Most of the inspection scores are located around mean, which is around 23, and the distribution of the inspection scores is right-skewed. Note that low inspection scores mean good grade, and high inspection scores mean bad grade.

Code

data %>%
  drop_na(GRADE) %>%
  filter(GRADE %in% c("A", "B", "C")) %>%
  ggplot(aes(x = GRADE)) +
    geom_bar(fill="#9FC29F") +
    labs(title = "NYC restaurants Inspection Grades Distribution",
     x = "Inspection Grades") +
    theme_grey(13)

Note that there are around 50% missing data in variable GRADE. Among restaurants which have GRADE data, most of the restaurants got grade A.

Code

data %>%
  drop_na(SCORE, GRADE) %>%
  filter(GRADE %in% c("A", "B", "C")) %>%
  ggplot(aes(x = SCORE, y = fct_reorder(GRADE, SCORE, median))) +
    geom_boxplot(fill="#9FC29F") +
    labs(title="Inspection Scores by Grades",
         x="Inspection Scores",
         y="Grades") +
    theme_grey(13)

The visualization matches the expected corresponding grades for scores (A for 0-13, B for 14-27, C for 28+), and there are some unknown grades such as N, P, Z, which are dropped in the visualization. Note that grade C has outliers of low inspection scores, which are expected to get A or better grades.

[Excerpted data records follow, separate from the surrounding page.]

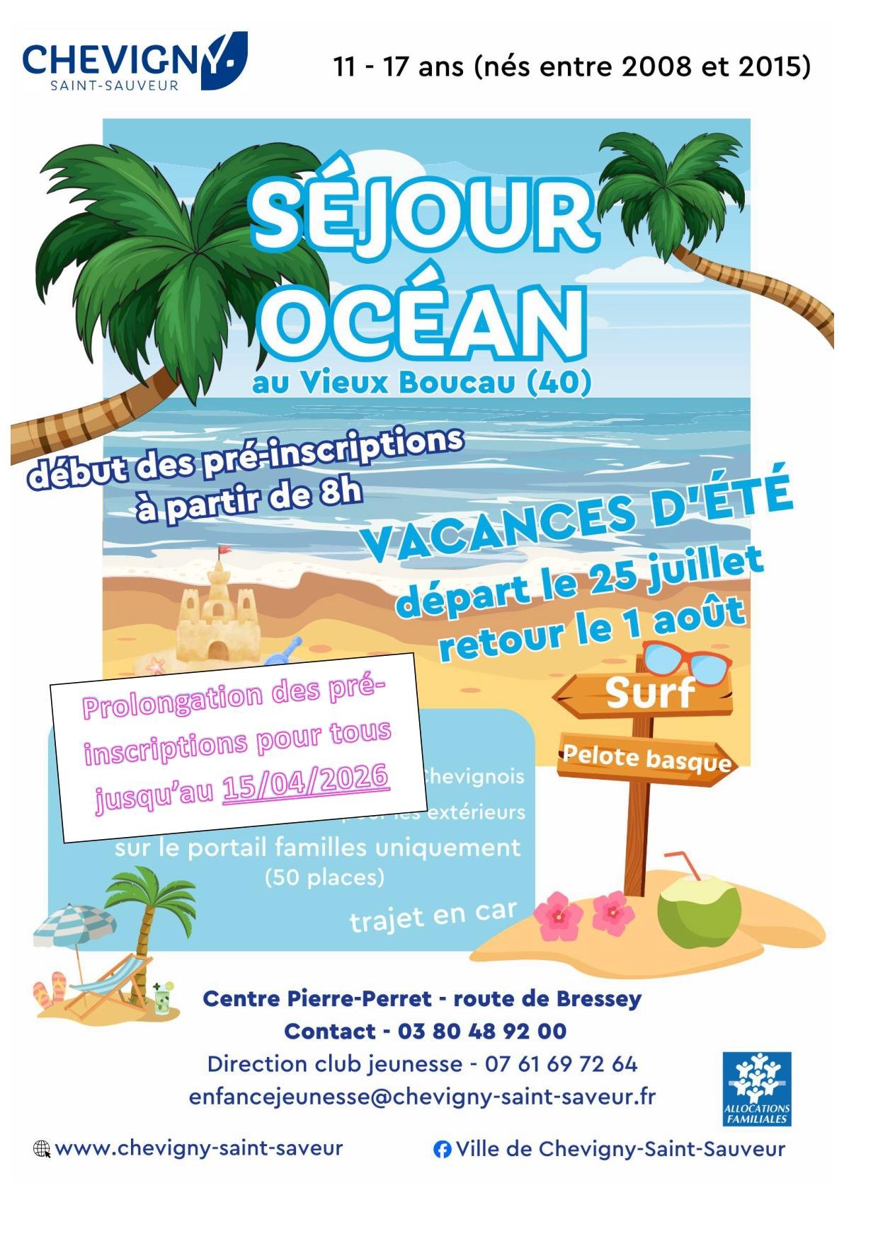 ATTENTION : Les documents obligatoires doivent être déposés sur le portail familles au plus tard pour le séjour Océan le 30 juin 2026.
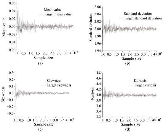 Time history samples are generated under given combinations of mean value, STD, correlation coefficient , , and . As shown in Figure 3a,b, the probability distribution histogram of the non-Gaussian process exhibits a steeper profile compared with the Gaussian distribution, which results from its kurtosis exceeding that of the Gaussian distribution. This observation preliminarily confirms the validity of the generated non-Gaussian process. The probability distribution histogram of the scalar combination of response results is presented in Figure 3c. To determine the optimal sample size for minimizing computational costs and validate the accuracy of generated time history samples, key statistical parameters (mean, STD, , ) derived from Monte Carlo simulations are compared with target values, as illustrated in Figure 4. The sample statistical parameters progressively converge toward target values with increasing sample size, though the convergence rate gradually slows. When the sample size exceeds 2 × 105, the parameters stabilize with no significant variations, and the relative changes in simulated statistics (mean, standard deviation, etc.) remain below 2%, demonstrating the validity of the Monte Carlo method in generating target time history samples. Following Chen et al.’s study [34], a sample size of 2 × 105 was selected by balancing computational costs in numerical simulations.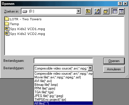 Open de VOB files door de 1e VOB file te kiezen van de film: VTS_01_1.VOB, de rest wordt automatisch gepakt.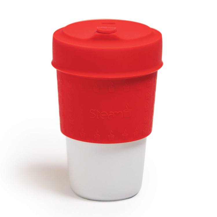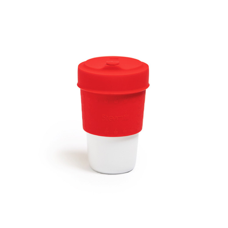 ماگ چینی زرین با روکش سیلیکونی استیم، همراه شما در سفر، هنگام ورزش، پشت میز کار، داخل ماشین ، در پیک نیک و هر کجا که شما بخواهید! نوشیدنی خود را سردِ سرد، گرم ِگرم به هر کجا که میخواهید ببرید و از آن لذت ببرید. ماگهای استیم رنگینکمانی از شادترین و در عین حال آرام بخشترین رنگها است که مطمئنا شما رنگ دلخواهتان را در بین آنها پیدا خواهید کرد، پس فقط کافی است که شما رنگ خود را انتخاب کنید! این ماگها بدون دسته به راحتی در کوله پشتی، جای لیوانی ماشین و ... جای میگیرند، کمربند سیلیکونی دور آن دمای مطلوبی را برای در دست گرفتن لیوان فراهم میکند. بهعلاوه درپوش روی لیوان کیپ شده و در صورت افتادن از ریختن همه محتویات نوشیدنی شما، جلوگیری میکند. همچنین شما میتوانید ماگ خود را در مایکروفر و ماشین ظرفشویی نیز قرار دهید و با خیالی آسوده از بهداشتی بودن لیوان خود لذت ببرید.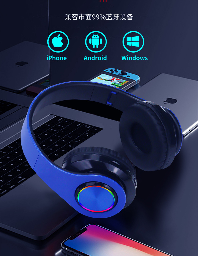 국경 간 뜨거운 판매 B39 블루투스 빛나는 헤드셋 블루투스 무선 서브 우퍼 헤드셋 음악 카드 유니버설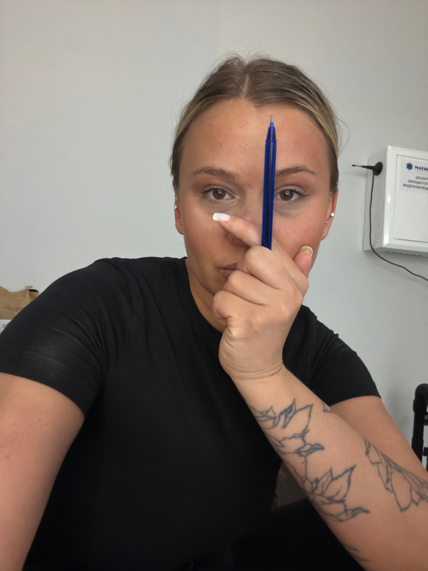 A woman with fair skin and light brown hair is holding a blue pen horizontally across her forehead. She is wearing a black shirt and has a floral tattoo on her left arm. She is looking directly at the…read more
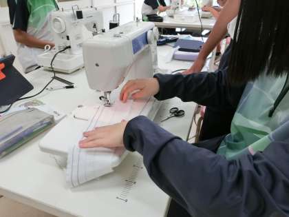 第2学年家庭科では裁縫に挑戦しています。ミシンを操作する練習で布に引かれた線に沿って縫い上げています。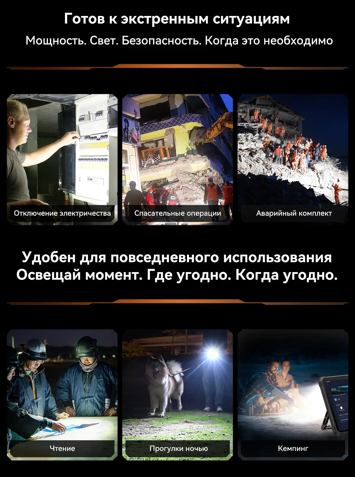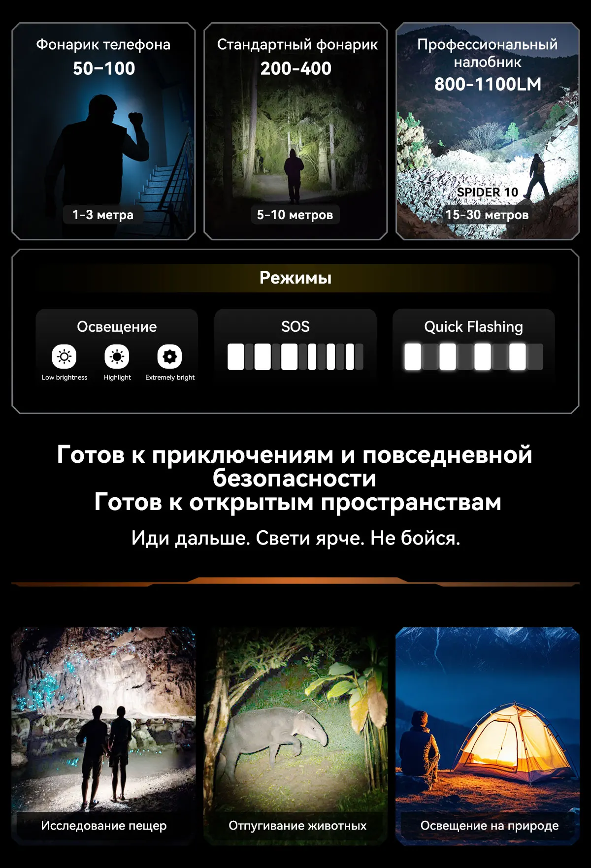 Кемпінговий ліхтарик — Яскравість: 800 - 1100 люмен, Режими: Ліхтарик телефону (50 - 100 Люмен): 1 -3 м, Стандартний ліхтарик (200 - 400 Люмен): 5 - 10 м, Професійний налобник (800 - 1100 Люмен): 15 - 30 м Кнопка, що настроюється ЗВУК

3.2 Part1: Inspection results by Locations of Restaurants

Code

data %>%
  drop_na(SCORE, BORO) %>%
  ggplot(aes(x = SCORE, y = reorder(BORO,SCORE,median))) +
    geom_boxplot(fill="#9FC29F") +
    labs(title="Inspection Scores by BORO",
         x="Inspection Scores",
         y="BORO") +
    theme_grey(13)

Code

test1 <- chisq.test(data$SCORE, data$BORO)
print(test1)


    Pearson's Chi-squared test

data:  data$SCORE and data$BORO
X-squared = 4509.1, df = 516, p-value < 2.2e-16

All the boroughs have very similar average inspection scores and distribution. Note that Brooklyn, Manhattan and Queens have some outliers with the highest one in Manhattan. It is hard to tell if there is an association between boroughs and inspection scores by the visualization. However, according to the chi-square test, there is strong evidence, which is very small p-value, that there is association between inspection scores and boroughs.

Code

subset1 <- data %>%
  filter(GRADE %in% c("A", "B", "C"))

vcd::mosaic(GRADE ~ BORO, subset1, direction = c("v", "h"), highlighting_fill = c("#35E445", "#1B3BF2", "#F2281B"))

Code

test2 <- chisq.test(data$GRADE, data$BORO)
print(test2)


    Pearson's Chi-squared test

data:  data$GRADE and data$BORO
X-squared = 392.16, df = 20, p-value < 2.2e-16

Staten Island has the highest proportion of grade A and lowest proportion of C, which seems the best result among all the boroughs. But the majority of the inspections grades are A in all the boroughs, and all the boroughs have similar proportion of grades according to the mosaic plot. It is hard to tell if there is an association between grades and boroughs by the mosaic plot. However, according to the chi-square test, there is strong evidence, which is very small p-value, that there is association between inspection grades and boroughs.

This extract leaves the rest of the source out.